──────── Data shown ────────
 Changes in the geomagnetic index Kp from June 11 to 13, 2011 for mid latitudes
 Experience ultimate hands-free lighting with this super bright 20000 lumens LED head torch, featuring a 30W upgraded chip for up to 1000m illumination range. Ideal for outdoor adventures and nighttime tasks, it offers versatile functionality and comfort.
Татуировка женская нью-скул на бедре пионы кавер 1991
────────
──────── Data shown ────────
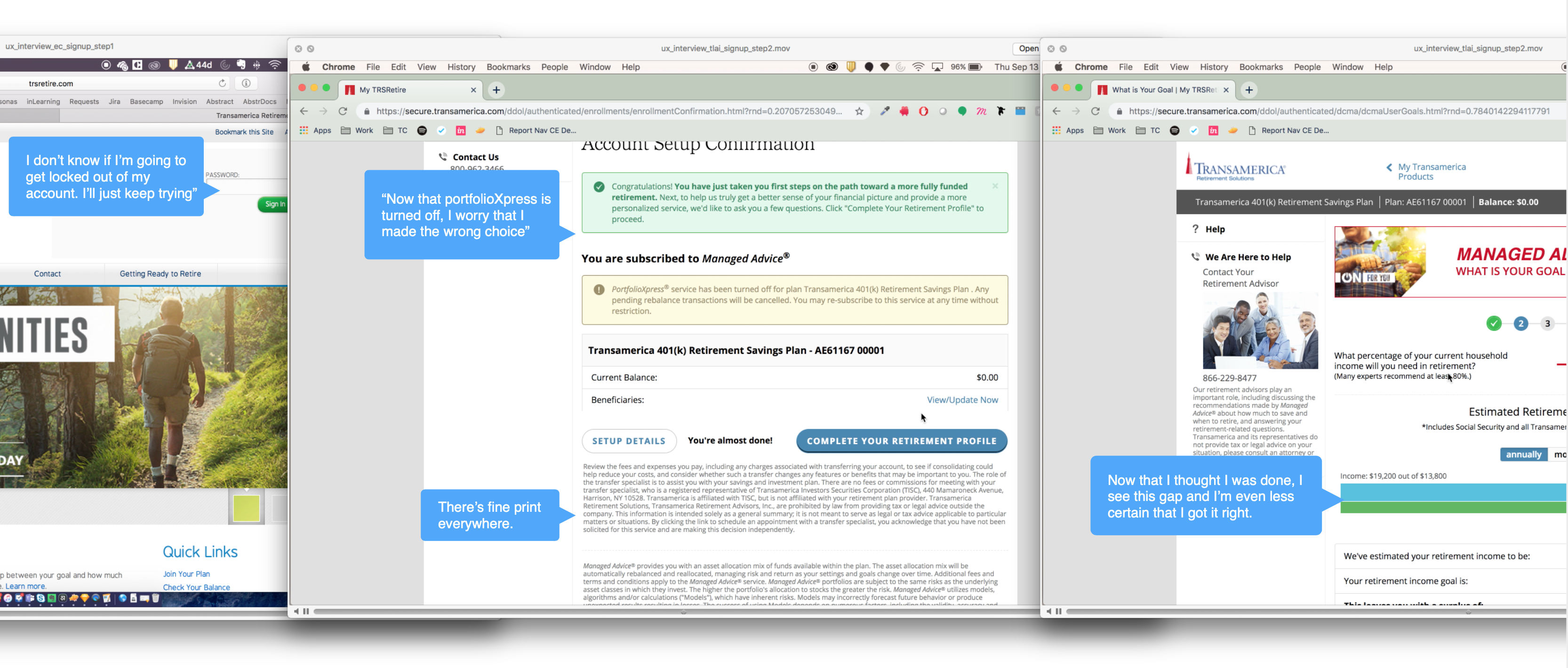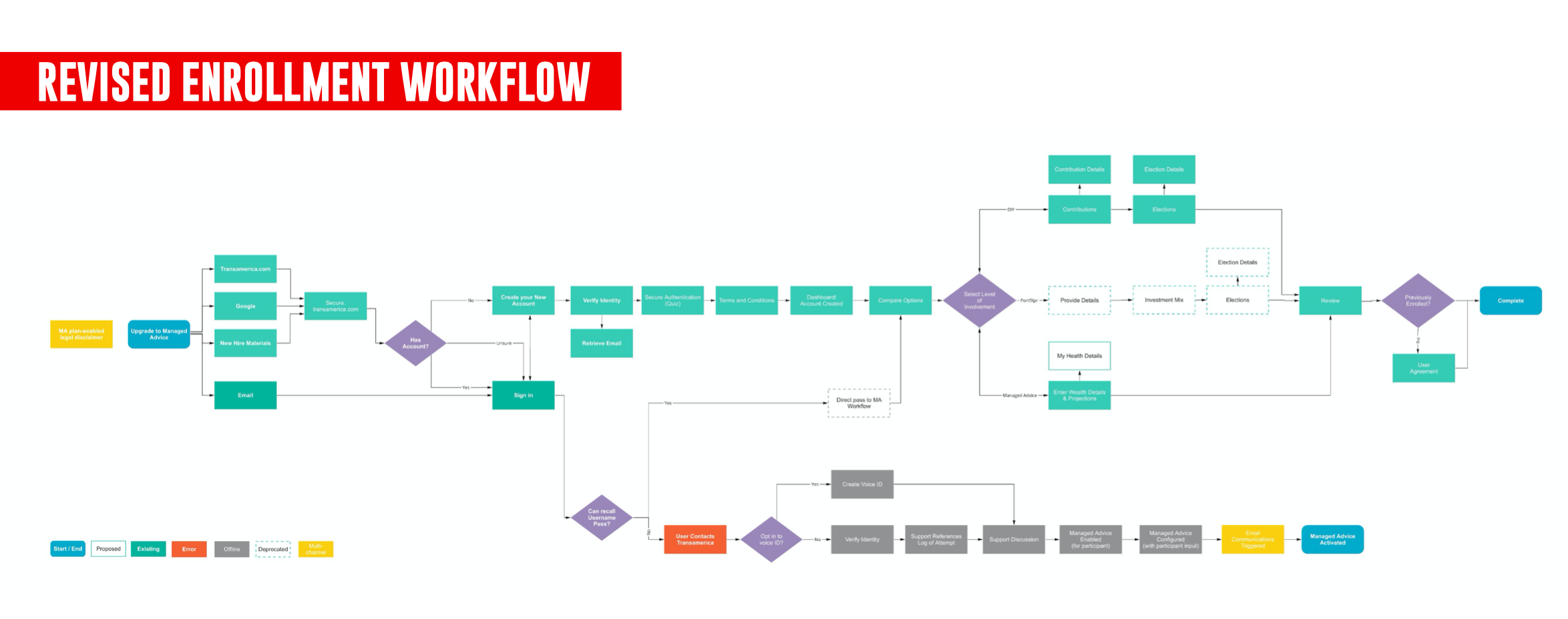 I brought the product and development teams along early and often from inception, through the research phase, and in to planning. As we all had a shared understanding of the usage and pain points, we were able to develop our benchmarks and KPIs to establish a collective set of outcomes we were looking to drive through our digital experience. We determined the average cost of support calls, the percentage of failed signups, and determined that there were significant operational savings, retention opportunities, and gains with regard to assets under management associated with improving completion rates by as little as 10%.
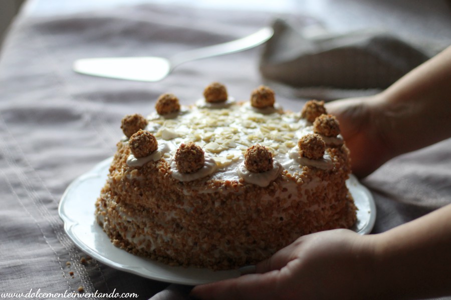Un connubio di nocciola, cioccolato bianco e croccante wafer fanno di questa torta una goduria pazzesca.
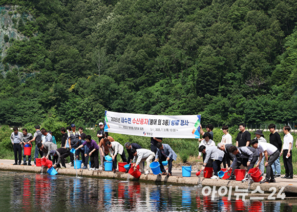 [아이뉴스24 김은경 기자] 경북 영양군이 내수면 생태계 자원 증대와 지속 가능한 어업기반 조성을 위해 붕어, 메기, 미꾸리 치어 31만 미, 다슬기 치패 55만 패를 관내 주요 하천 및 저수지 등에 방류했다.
────────
Problem description: Your task is to retype the entries verbatim, starting with the line that holds "Changes in the" and stopping after the line that holds "Experience ultimate hands-free".

Written answer:
 Changes in the geomagnetic index Kp from June 11 to 13, 2011 for mid latitudes
 Experience ultimate hands-free lighting with this super bright 20000 lumens LED head torch, featuring a 30W upgraded chip for up to 1000m illumination range. Ideal for outdoor adventures and nighttime tasks, it offers versatile functionality and comfort.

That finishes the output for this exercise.